Things to consider when using Site Recovery

Azure Site Recovery provides a simple BCDR solution with management support from the Azure portal. Set up and manage replication, fail over, and failback for your virtual machines from a single location.

Let's review some of the many capabilities of Azure Site Recovery.

Feature Description
Replicate Azure virtual machines Set up disaster recovery of your Azure virtual machines, and fail over from a primary region to a secondary region.
Replicate on-premises virtual machines Replicate your on-premises virtual machines and physical servers to Azure, or to a secondary on-premises datacenter.
Replicate workloads Replicate any workload running on supported Azure virtual machines, on-premises Hyper-V and VMware virtual machines, and Windows or Linux physical servers.
Automate BCDR tasks Automate your BCDR tasks and further reduce your recovery time objective. You can use Azure Site Recovery to set up automatic periodic test failovers, and monitor the overall effectiveness of the recovery process.
Maintain data resilience Orchestrate replication without intercepting app data by using Azure Site Recovery. When failover occurs, Azure virtual machines are created based on the replicated data. When you replicate to Azure, data is stored in Azure Storage, and you gain the resilience provided by that service.
Meet RTO and RPO targets Keep the RTO and RPO goals within the defined organizational limits. Azure Site Recovery provides continuous replication for Azure virtual machines and VMware virtual machines, and replication frequency as low as 30 seconds for Hyper-V.
Maintain consistent apps after failover By using app-consistent snapshots, you can replicate from specific recovery points. These snapshots capture disk data, data in memory, and all in process transactions.
Test without disruption Run disaster recovery tests without affecting ongoing replication.
Run flexible failovers Execute planned failovers for expected outages with no data loss. Run unplanned failovers with minimal data loss, and fail back to your primary site when it's available again.
Customize recovery plans Create recovery plans so you can customize and sequence the failover and recovery of your multi-tier apps running on multiple virtual machines. Group virtual machines together in a recovery plan, and add scripts and manual actions as needed. Integrate recovery plans with Azure Automation runbooks.
Integrate with BCDR technologies Integrate Azure Site Recovery with other BCDR technologies. Use Site Recovery to protect the SQL Server backend of your corporate workloads. Because of its native support for SQL Server AlwaysOn, you can manage the failover of availability groups.
Access Azure Automation integration Download from the Azure Automation library and integrate app-specific scripts with Azure Site Recovery.

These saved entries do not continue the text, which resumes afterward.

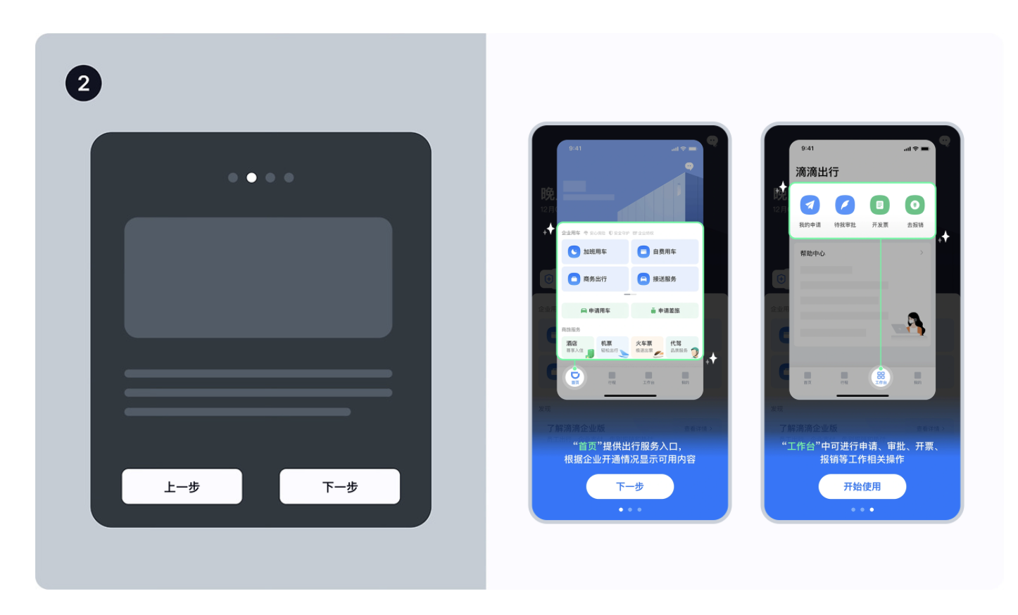 • 例子:滴滴企業(yè)版的新手引導,先講 “首頁有出行服務(wù)入口”,再講 “工作臺能審批、開票”,每步只傳遞一個信息,用戶不會覺得混亂;
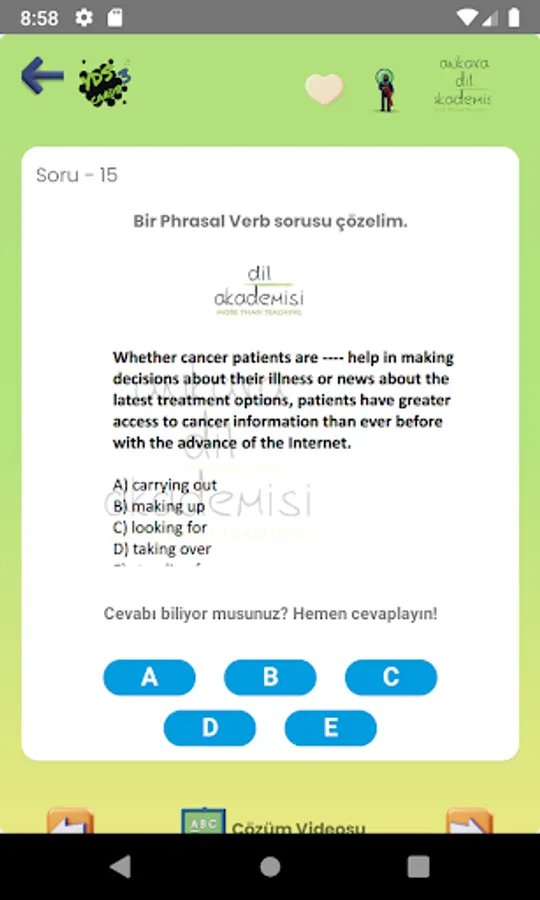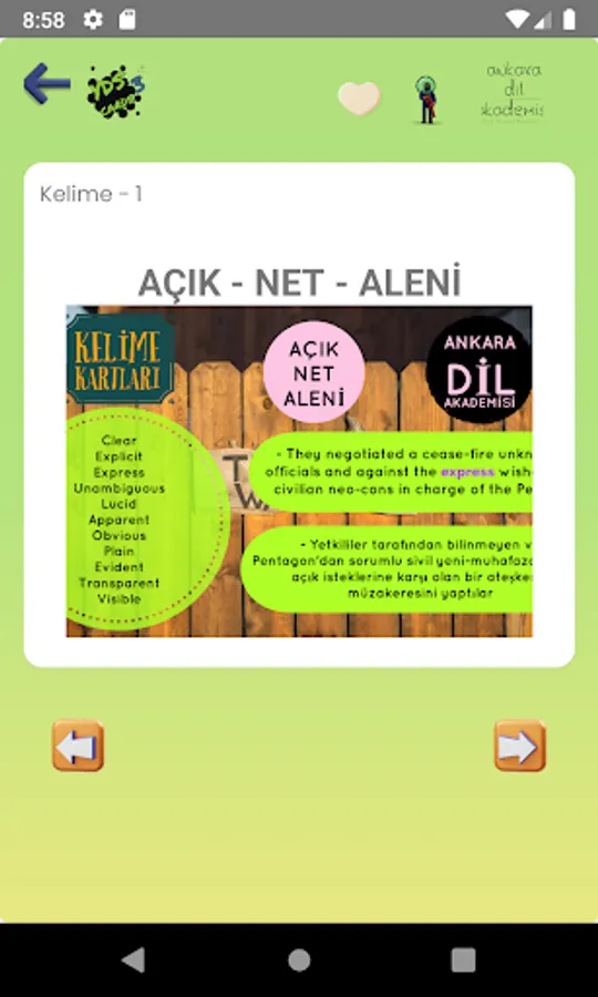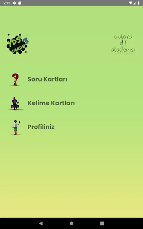 Ankara Academy of Language Share it via social media, video parsed questions, word cards and other materials in applications where it is collected.
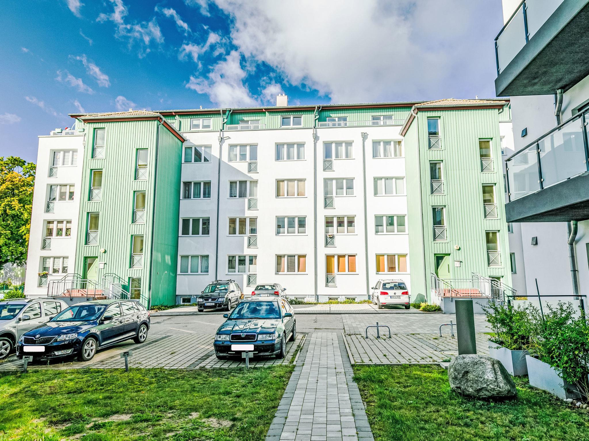 Apartment house, 4 storeys. In the resort 500 m from the centre of Zinnowitz, 100 m from the sea, from the beach. In the house: lift, storage room for bicycles, central heating system. Parking at the house. Supermarket 650 m, bakery 270 m, café 270 m, bus stop 110 m, railway station 1 km, sandy beach 100 m, thermal baths "Bernsteintherme" 240 m. Marina 2.6 km, golf course (18 hole) 25 km, surf school 240 m, tennis 750 m, minigolf. Please note: lift to 3rd floor.

Use Azure Site Recovery with Azure Backup

Let's examine how you can implement Azure Site Recovery with Azure Backup for a BCDR solution.

Suppose you have an on-premises environment with a Hyper-V host server for hosting virtual machines. You want to back up all the files and folders in your virtual machine to Azure. You also want to protect any workloads running on your virtual machine and keep them running if the virtual machine fails. Azure Backup and Site Recovery can be used together in a single solution.

Diagram that shows a BCDR solution with Azure Site Recovery and Azure Backup.

In this scenario, Azure Backup periodically backs up the files and folders on your Windows machine to Azure. This process ensures they data is secure and retrievable even if the whole on-premises environment stops functioning. Separately, Azure Site Recovery is used to protect your running workloads and keep them running. Because Site Recovery can replicate frequently, the RTO for your workloads can be reduced.